The following example shows how to plot a histogram. Previously discussed R commands are in black, the new R commands relevant to this example are in blue.

DATA INPUT

As data source, we use the sheet data from the spreadsheet file nhanes.xls. The image below shows some of the records in the sheet data. The first row in the sheet contains the column names and there are no empty rows or columns interspersed in the data.



R OUTPUT

The image below shows the R console after the execution of the script, with R commands in red and R output in blue.

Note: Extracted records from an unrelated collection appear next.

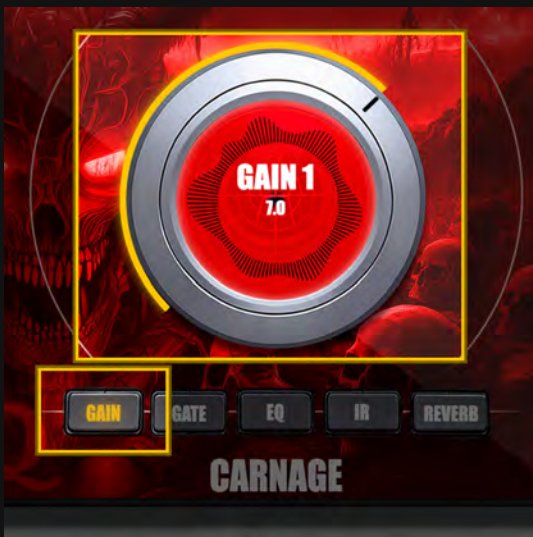
*one click controls channel

To switch between the channels, with the "Gain" button already selected, press the "Gain" selection button for a second time which will toggle you to the secondary channel.
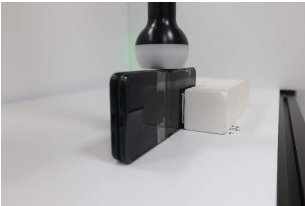
Left Edge test at 0cm
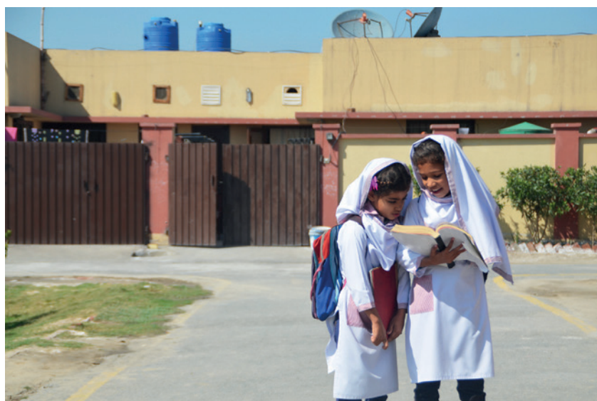
FIGURE 5 Girls travelling to school from their homes in an AMC affordable housing community, Faisalabad, Pakistan

In parallel, the government has pushed through key reforms relating to foreclosure laws and land registration, that collectively make mortgage financing a more attractive commercial proposition. 21 Despite these initiatives, many established Pakistan banks remain risk adverse in their attitude towards long-term affordable housing loans and the low-income segment. However, it is clear that a more conducive housing finance environment is slowly emerging – reflected in a growth of the housing and construction loan portfolios of Pakistan banks by 54 billion PKR ($350 million) between July 2020 and March 2021. 22
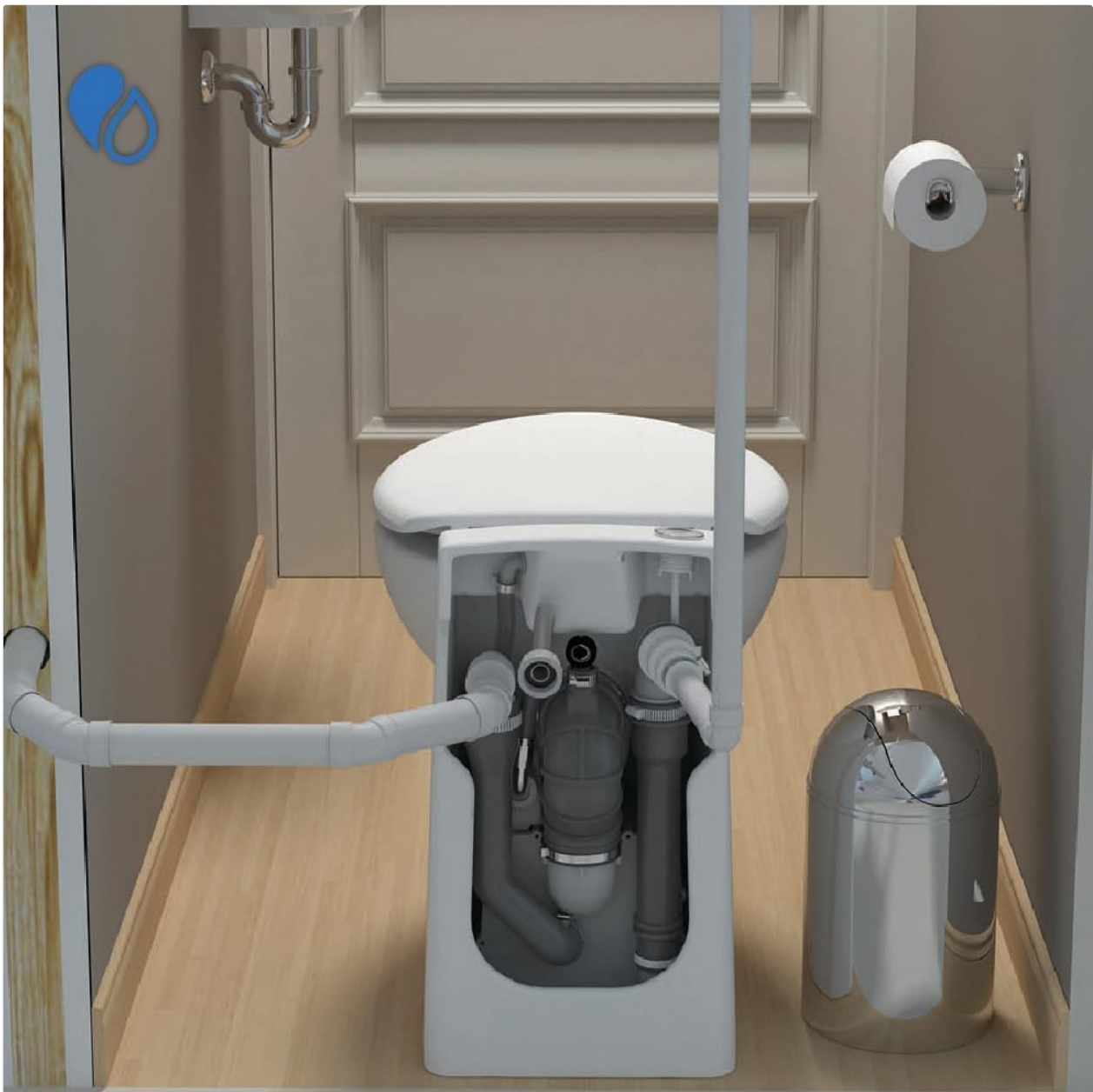
Figure 3: Cutaway view illustrating the internal macerating system and connection points for discharge and gray water inlet.

For detailed installation instructions, diagrams, and specific plumbing requirements, please refer to the official Saniflo website or the comprehensive manual provided with the product. A general product page can be found at: www.saniflo.com/us/home/74-sanicompact.html
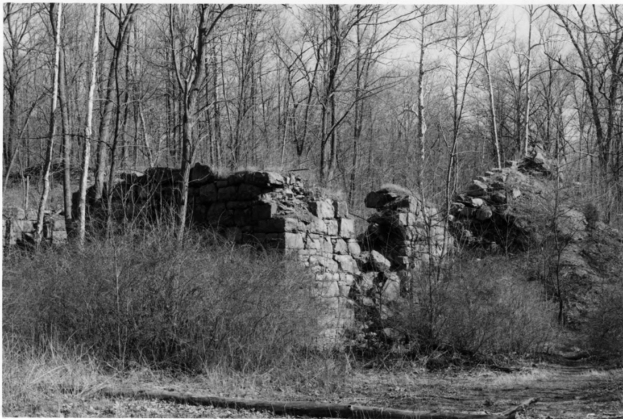
FURNACE # 2 ↑
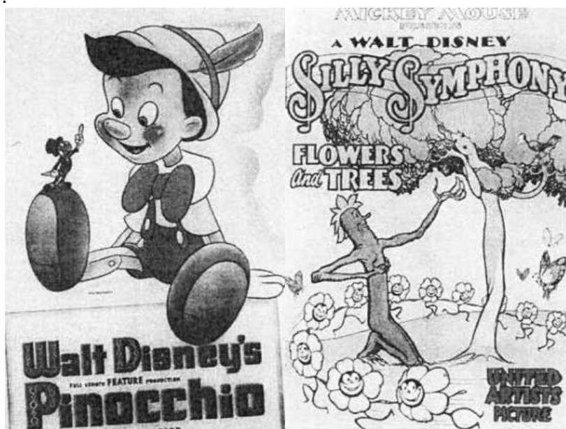
Figure 5: Pinocchio, Flowers and Trees

The most famous watercolor illustration work in the United States is Disney, which unites the immigrant culture from all over the world, closely combines watercolor illustration with the animation industry, and opened many famous animation companies, making the commercial value of illustration works reach the peak. Many of Disney's early works were created on the basis of watercolor painting. In 1932, it created the world's first full-color cartoon animation, Flower and Tree, in 1937, the first animated film, Snow White and the Seven Dwarfs, and in 1942, the second animated feature film, "Pinocchio"..... Its original shape is presented in watercolor painting technology. Later, with the improvement of ability and the development of technology, hand-drawn cartoons became the pride of Disney. For example, The Lion King became a popular work, which opened up a new situation for the application of watercolor painting in the art of illustration, just as shown in Figure 5.
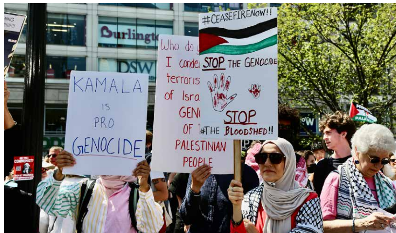
‘Kamala está en favor del genocidio.’ Manifestación en Union Square, Nueva York, 2 de septiembre de 2024.

Pero ni Harris ni su oponente republicano, el ex presidente Donald Trump, alterarán la estrecha relación del imperialismo estadounidense con el Estado israelí sólo porque el público se oponga. Tampoco les importa un ápice salvar vidas en Gaza. ¡No a Trump! ¡No a Harris! ¡No al voto por el genocidio! □
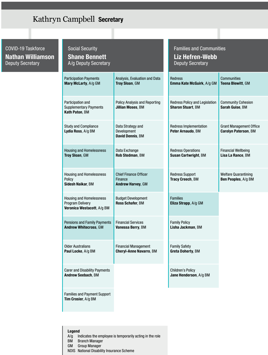
Figure 1.1.1 Organisational structure as at 30 June 2020
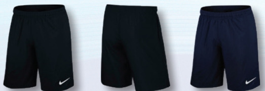
010 010 451 Black/(White) Backview Obsidian/(White)

Life-cycle: 01 April 2016 - 31 March 2019

The graphical output appears in a separate window from where is can be exported and saved in different formats.



R SCRIPT

Previously discussed R commands are in black, the new R commands relevant to this example are in blue.

library(RODBC);
connect = odbcConnectExcel("..\\spreadsheet\\nhanes.xls");
query = "SELECT * FROM [data$];"
data = sqlQuery(connect, query);
odbcClose(connect);

is.data.frame(data);
summary(data);

# create subset of data for adults (>= 20 years) with non-missing data
adultbmi = subset(data, ageunit=="Y" & age >= 20 & 
                        !is.na(ethn) & !is.na(sex) & 
                        !is.na(weight) & !is.na(height));

is.data.frame(adultbmi);
summary(adultbmi);

# create new variable bmi
adultbmi$bmi = adultbmi$weight / (adultbmi$height/100)^2;
 
is.data.frame(adultbmi);
summary(adultbmi);

hist(adultbmi$bmi, breaks = 25, 
                   col = grey(0.9), 
                   border = grey(0.2), 
                   proba = TRUE, 
                   main = paste("Body Mass Index of", 
                                 length(adultbmi$bmi), 
                                "adults\nfitted to normal distribution"),
                   xlab = "BMI");


DISCUSSION

hist(variable, parameters);

This function takes a variable from a data frame and plot a histogram according to the parameters specified.


breaks = 25

Create 25 equal bins over the range of the variable (bmi) values.


col = grey(0.9)

Draw the bars in a 0.9 shade of grey.


border = grey(0.2)

Draw the border in a 0.2 shade of grey.


proba = TRUE

Use the probability density for on the Y-axis, not the absolute number of observed cases. The total area of the histogram will be 1.


main = string'

Assign a string to the main title of the chart.


paste(string1, string2')

Concatenate two or more strings into a single string. This is used to create a more complex main title string.


\n

A carriage return within a string. This is used to force a line break in the main title of the chart.


length(adultbmi$bmi)

Returns the number of values in the column bmi. This is used to automatically insert the number of analyzed records into the main title of the chart.


xlab = "BMI"

Assign a label for the X-axis.


More details on parameters and options can be accessed from the R command line.

?hist
?paste
?length


Last modified April 3, 2008 8:54 am